Может, дело в нем. Может, во мне. Может, то призрак Харлоу тряс подле нас окровавленными кудрями. Ступай отсюда! Скройся, мертвый призрак![19]
Разговор вовсе не был таким болезненным, как может показаться в пересказе. Я всегда тепло вспоминаю Реджа. Тогда я считала, что расставание пошло от меня, хотя он и заговорил первым. Однако ж позже дошли слухи, что он встречается с мужчиной, так что, может, я поспешила с выводами.
Несомненно одно – похоже, у меня не складывается с сексом на долгой дистанции. И не потому, что не стараюсь. Не заставляйте меня произносить это вслух.
Интересно, а про меня Лоуэлл сказал бы, что наше детство крепко пригасило мою сексуальность? Или у всех вас тоже не складывается с сексом на долгой дистанции?
Может показаться, что складывается, но это не так. Может, анозогнозия, неспособность признать за собой болезнь, заложена в природе человека, и я единственная, кто ей не страдает.
Мама говорит, я просто пока не встретила правильного парня, того, кто увидит звезды в моих глазах.
Что ж, верно. Все еще жду этой встречи.
Человек, увидевший звезды в глазах моей матери, умер в 1998 году. Папа устроил себе неделю кемпинга, рыбалки, каякинга и самосозерцания на реке Уобаш. Спустя два дня, перетаскивая каяк по камням, он перенес инфаркт, который принял за грипп. Он добрался до дома, лег в кровать, и на следующий день случился второй инфаркт, а ночью, уже в больнице, третий.
Когда я приехала, он снова был на свободе, взбирался на гору своих грез в каких-то неведомых краях. Нам с мамой пришлось постараться, чтобы втолковать ему, что я здесь, но не уверена, что он меня признал.
– Я очень устал, – сказал он. – Можешь взять мой рюкзак? Совсем ненадолго.
Ему явно было неловко.
– Конечно, пап, – ответила я. – Конечно. Вот, беру. Понесу, сколько потребуется.
Это последнее, что я ему сказала и что, я знаю, он услышал.

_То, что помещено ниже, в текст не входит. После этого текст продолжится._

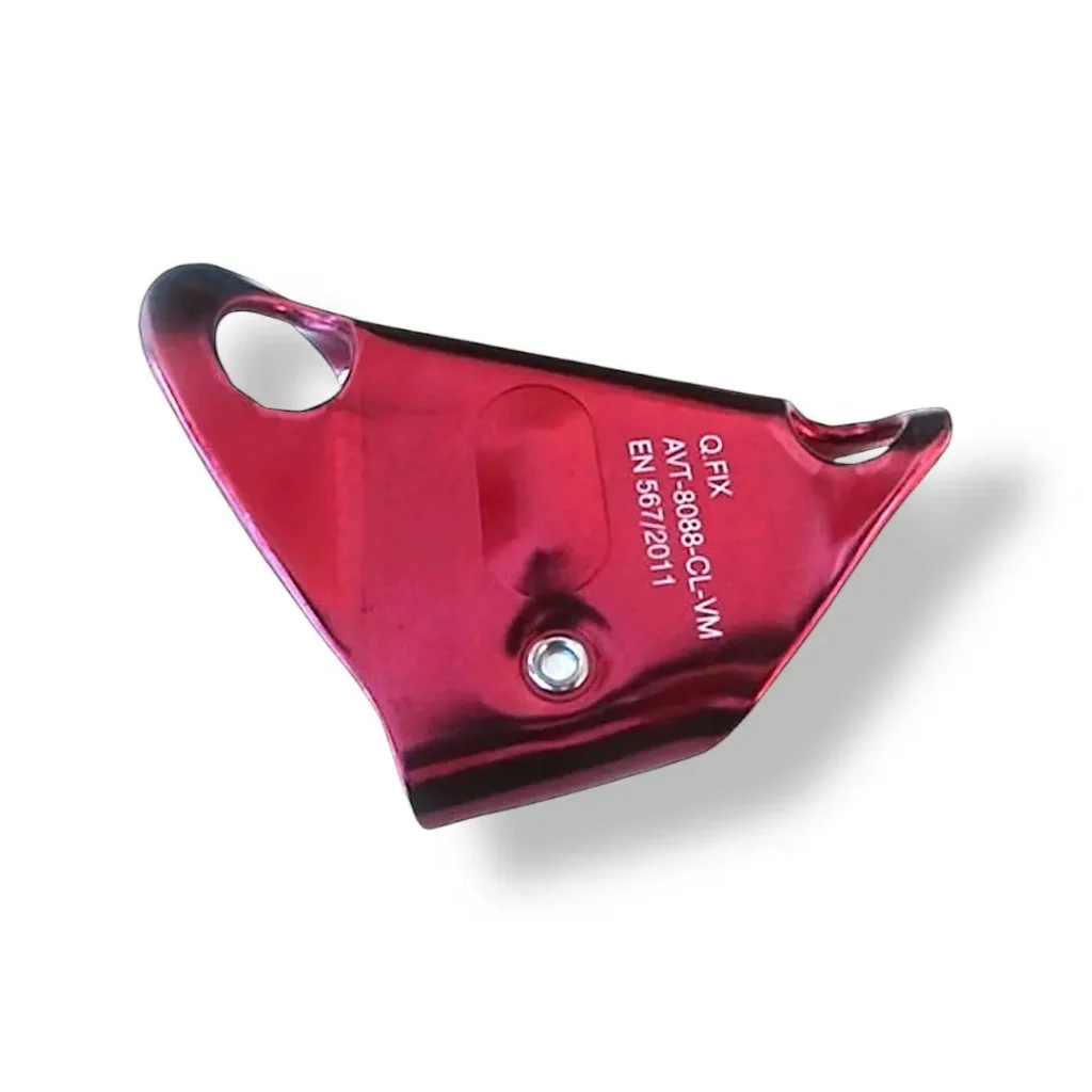 Utilizado em complemento com os Ascensores Blocantes de punho para subidas em corda fixa simples de 8 mm a 13 mm de diâmetro. Mordente com pinos para otimizar o bloqueamento na corda. Forjado em aluminío alloy – Norma EN 567. Acabamento anodizado vermelho.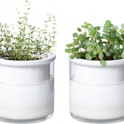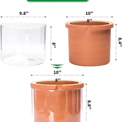Phoenix Vine 8 Inch Self Watering Planter Pots, Design White Terracotta Pots for Plants, Indoor Cylinder Terra Cotta Pots with Glass Vase, Set of 1, 51-A-H-1

Похоже, наверное, на киношную сцену у смертного одра – чистую, классическую, проникновенную и значительную. Но в реальности папа прожил еще один день, и не было там никакой чистоты. А были кровь, дерьмо, слизь, стоны и долгие часы громкой, мучительной борьбы за кислород. Врачи и сестры носились туда-обратно, и нас с мамой то пускали в палату, то выгоняли.
Помню аквариум в приемной. Помню рыб с прозрачной чешуей, у которых было видно бьющееся сердце. Помню улитку, ползшую по краю, ее рот бесконечно открывался и сжимался. Вышел врач, и мать поднялась ему навстречу. “Боюсь, на этот раз мы его потеряли”, – произнес он, как будто ожидался еще и следующий раз.
В следующий раз между мной и отцом все будет иначе.
В следующий раз мама честно разделит вину за Ферн, чего не случилось из-за ее срыва. В следующий раз я не взвалю все бремя ответственности только на папу.
В следующий раз я и на себя возьму, что мне полагается, ни больше, ни меньше. В следующий раз я буду помалкивать о Ферн, но не о Лоуэлле. Я расскажу маме с папой, как Лоуэлл прогулял баскетбольную тренировку, они проведут с ним беседу, и он не сбежит из дома.
Я всегда собиралась когда-нибудь простить папу. Это многого его лишило, но только не меня, и я должна была ему это сказать. Горько и глупо, что так и не сделала.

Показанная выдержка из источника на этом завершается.